I think your implementation is not correct.

``````>>> s=2520.0
>>> l = [s/x for x in range(1,900)]
>>> len(l)
899
``````

length of l must be 900, as the problem states "Given that the text has 900 unique words".

Owner Author

### malloc47 commented Feb 12, 2012

 Very possibly--there was some ambiguity as to whether the question wanted to overshoot or undershoot (by 1) the halfway point so I just picked the one that went over (and didn't thoroughly examine the consequences--since it only makes a difference of ~3 words, it's not surprising it still gives the same answer).

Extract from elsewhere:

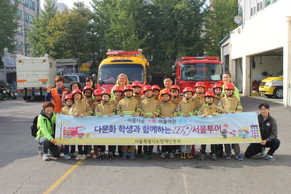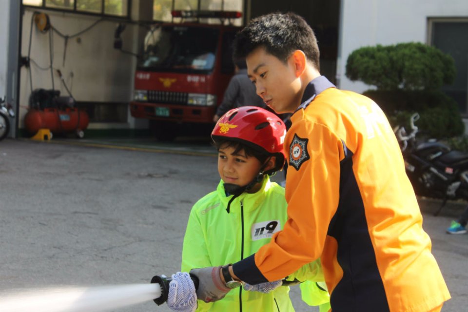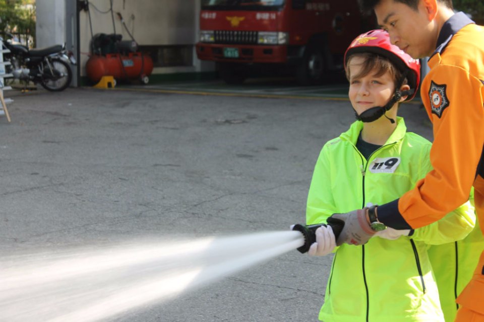 Gestern besuchte die 4. Klasse eine Feuerwehrstation in Seoul. Die Feuerwehrmänner holten die Schüler sogar mit einem Bus von der DSSI ab und versorgten sie zunächst mit tollen knallgelben Jacken. Bei der Feuerwehrstation wurde zunächst ein kleines Aufwärmtraining gemacht. Im Anschluss zogen die Kinder eine richtige Schutzausrüstung an. In Teams ging es nun durch einen dunklen Parkour, um nachempfinden zu können, wie ein Feuerwehrmann in einer Notsituation arbeitet. Die Mitschüler konnten das Geschehen im Dunkelraum über einen Bildschirm verfolgen im Nebenraum verfolgen. Nach dieser abenteuerlichen Klettertour ging es zur Löschübung mit dem Wasserschlauch. Zum Abschluss fuhr der Bus die Viertklässler noch zur zentralen Notrufstation von Seoul. Nach einem erlebnisreichen Vormittag und mit vielen neuen Eindrücken, ging es vergnügt zurück zur Schule.

### yassersouri commented Feb 12, 2012

 I wonder what is that +1 you are adding at the end? print("Problem 3: "+str(len(list(takewhile(lambda x: x < half_of_words, np.cumsum(l))))+1)) # 22
Owner Author

### malloc47 commented Feb 12, 2012

 I made the assumption that the problem wanted to overshoot the halfway point (i.e. the first element > half_of_words) rather than undershoot (and when I checked the answer against the webapp, this is indeed what was wanted). But, thanks to the lambda I passed to takewhile, it will return all the elements except the last element that puts the number of elements over the halfway point. So I added this final element. If itertools had a "takeuntil" function, I would have used that instead, but as I was coding for speed, I just used what was in the libraries.